> _What to work on_
Output the listing exactly as written, apart from its pictures.

> _Given material_
____
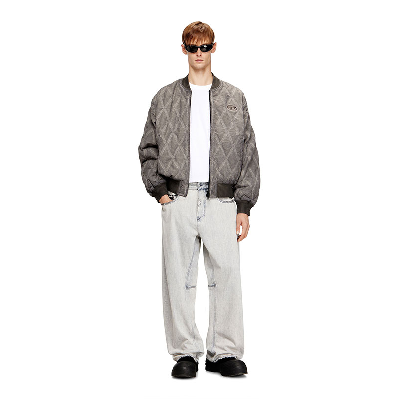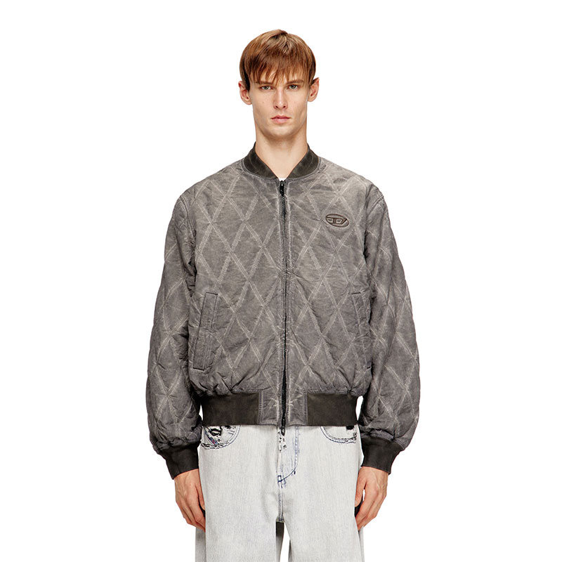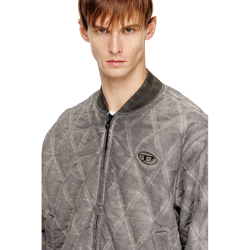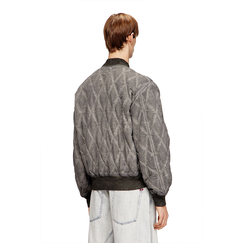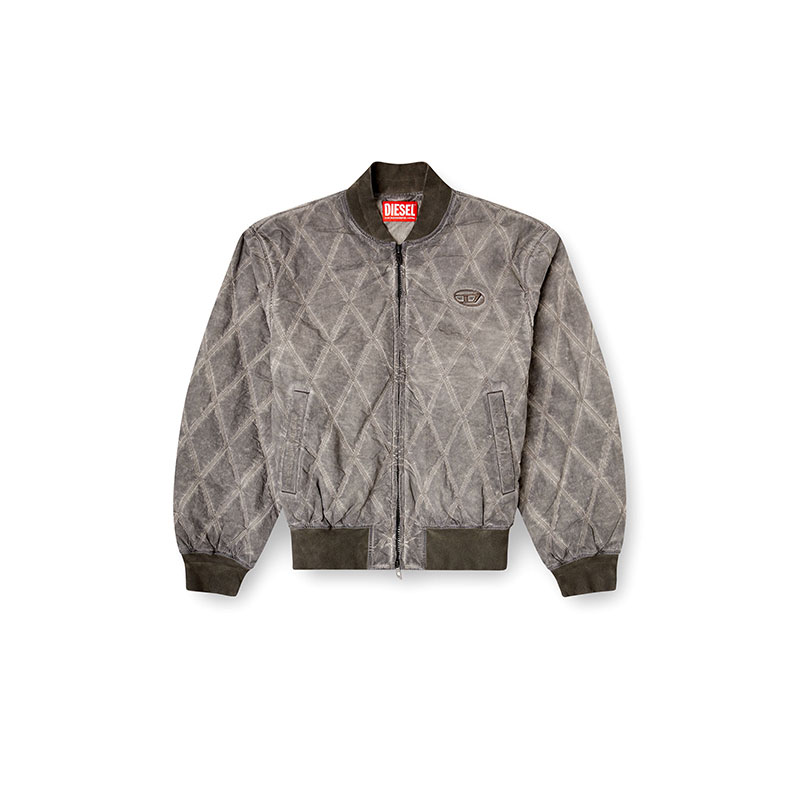 This men's padded bomber jacket is crafted from lightweight yet resilient Taslan, triple-stitched in argyle diamonds. A cold pigment dyeing process creates a chalky fade full of tonal variances, giving the quilting a three-dimensional edge. Classic ribbed trims and a chest logo patch complete the lived-in look.
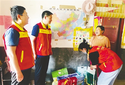 6月24日,市爱卫中心组织党员志愿者来到市城乡一体化示范区姬石镇姬石村,走访慰问优秀党员和生活困难党员。 本报记者 王 培 摄
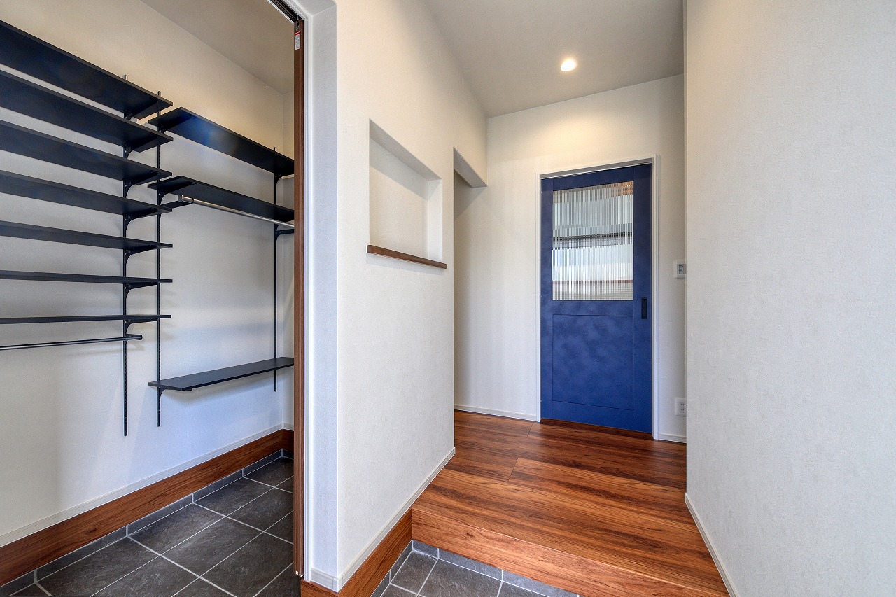 時短を考えた家事動線の他に、将来を見据えたスライド式の玄関ドアや昔ながらの和室。
____
> _Answer space_
 This men's padded bomber jacket is crafted from lightweight yet resilient Taslan, triple-stitched in argyle diamonds. A cold pigment dyeing process creates a chalky fade full of tonal variances, giving the quilting a three-dimensional edge. Classic ribbed trims and a chest logo patch complete the lived-in look.
 6月24日,市爱卫中心组织党员志愿者来到市城乡一体化示范区姬石镇姬石村,走访慰问优秀党员和生活困难党员。 本报记者 王 培 摄
 時短を考えた家事動線の他に、将来を見据えたスライド式の玄関ドアや昔ながらの和室。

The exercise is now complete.